Les défis restent « considérables » au Sahel, selon les mots d'Emmanuel Macron. Il avait promis durant sa campagne une accélération des « actions d'appui à la montée en puissance des forces du G5 Sahel ». Voilà qui pose les enjeux d'un déplacement d'Emmanuel Macron et de la ministre des armées Sylvie Goulard au Mali.
« Je crains que cette présence ne soit pas dissuasive. Elle s'inscrit dans la durée. Une opération onusienne ne peut pas en quatre années aboutir à ce que font d'autres opérations. Je pense au Congo (RDC), à travers la Monusco devenue la Monuc. Une opération qui dure depuis 25 ans », constate Emmanuel Dupuy, président de l'IPSE, inquiet de la multiplication et de la mutation des groupes armés terroristes depuis l'arrivée des forces étrangères, il y a quatre ans:
« Ils n'ont pas le même référent, mais ont tous le même objectif: remettre en cause la légitimité de l'État central malien », analyse Emmanuel Dupuy. Une situation inquiétante pour les civils, victimes également de « la recrudescence du banditisme et de la criminalité violente. »
Pour autant, les islamistes restent l'ennemi public N° 1 au Mali, du simple fait de leur succès. Aujourd'hui, il y a « une sorte d'hybridation, une logique de métastase, où les cellules terroristes sont en train gangréner l'ensemble du Mali.
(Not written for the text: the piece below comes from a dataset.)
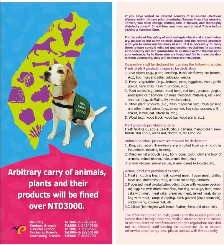 A fim de conter o alastramento da peste suína africana, todos os visitantes não devem transportar animais, plantas e produtos relacionados à vontade quando entrarem em Taiwan

Il ne s'agit pas seulement de groupes armés touareg du Nord, on voit une radicalisation au sein de communauté, notamment Peul et Bambara. »
« Il faudra mieux cibler les actions de coopération que par le passé », estime Jean-Louis Arajol, ancien officier de liaison au Mali de 2007 à 2013. Le nord du pays était tombé en 2012 entre les mains de groupes djihadistes liés à Al-Qaïda à la faveur d'une rébellion touareg, d'abord alliée à ces groupes, et par la suite évincée. L'intervention militaire française au Mali, qui a fait reculer les islamistes et a coûté la vie à 19 soldats français, a été un des temps forts du quinquennat de François Hollande. Si l'armée française est bien présente, l'armée malienne n'est pas encore prête à assurer la relève: « Aujourd'hui, vous avez en tout et pour tout six compagnies militaires maliennes compétentes pour faire face à l'ennemi, mais c'est trop peu par rapport à la densité du pays », poursuit M. Arajol, aujourd'hui consultant en matière de sécurité et de défense.
« Il y a une radicalisation qui s'est ressentie au Mali. […] Mais on a toujours eu la chance au Mali d'avoir un Haut Conseil Islamique Malien (HCIM), qui a toujours été modéré et a su contenir cette radicalisation rampante. […] Il faut espérer que les religieux qui tiennent le HCIM puissent continuer à le faire », conclut Jean-Louis Arajol.